Creative Planning is acquiring Minneapolis-based The Johnston Group, a regional registered investment advisor with more than $500 million in assets under management, the company announced today. It is the first acquisition for the Overland Park, Kan.-based RIA, marking a shift from relying on referral-based growth to incorporating acquisitions.
Founded in 1994 and led by Brad Johnston, The Johnston Group specializes in goals-driven financial planning and wealth management for families and foundations. The acquisition will give the firm more comprehensive family office services, trusts services and tax and legal help, said Johnston, describing a situation that previously saw his firm dependent on others for collaboration. “When we set out to find a platform to expand our client services, my top priority was to partner with a firm that shared our overall values and intimate, comprehensive approach to client service,” he noted.
“It is clear to me this industry is changing rapidly and those with the scale to deliver the most value to their clients will be in the best place to attract and retain clients," he added. "I am excited to bring this to the Dakotas where no RIA firm like Creative Planning exists.”
The deal was initiated by a call from Johnston to Creative Planning, said the acquirer's CEO, Peter Mallouk. Part of the due diligence process was evaluating the philosophy of Johnston’s firm and ensuring it already had a strong financial planning–based approach to advice. “They have to start on third base for us to have a conversation,” he said. “We're not going to be running different software programs and different trading systems and adding 20 custodians. That's not what we're going to do.”
The turn to acquisitions doesn’t mean organic growth is being left by the wayside at Creative Planning. “It's an addition to our current strategy,” Mallouk said.
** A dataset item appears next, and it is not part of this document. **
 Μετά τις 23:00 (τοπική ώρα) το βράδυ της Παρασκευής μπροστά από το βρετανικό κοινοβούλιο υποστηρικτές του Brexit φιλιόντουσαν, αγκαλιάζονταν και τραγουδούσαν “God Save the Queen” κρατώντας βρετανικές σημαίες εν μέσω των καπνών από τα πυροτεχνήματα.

He predicted this year to be the strongest organic growth in the firm’s more than three decades of business.
Meanwhile, the firm will continue making acquisitions and expanding to regions where scale can be achieved quickly, he said. “We're open to everywhere, with an emphasis in places where we don't have an office at all,” he explained. “We have such small market share everywhere that I can't imagine an area in the country where, for someone who was interested in joining Creative Planning, there would not be a path for an acquisition in that market.” One example he cited was Montana.
The deal was funded without outside money and is expected to close within days, according to Mallouk. He noted Creative Planning doesn’t carry debt. Additional terms of the deal were not disclosed.
Creative Planning recently spent at least $10 million on a national advertising campaign designed to increase brand awareness, especially in the Northeast and South, where the firm is aiming to expand its physical presence. “Until now, we have always grown largely through referrals,” Mallouk said. “It’s clear that there are like-minded firms that can fit right into our model as we continue bringing fiduciary advice to Americans from coast to coast.”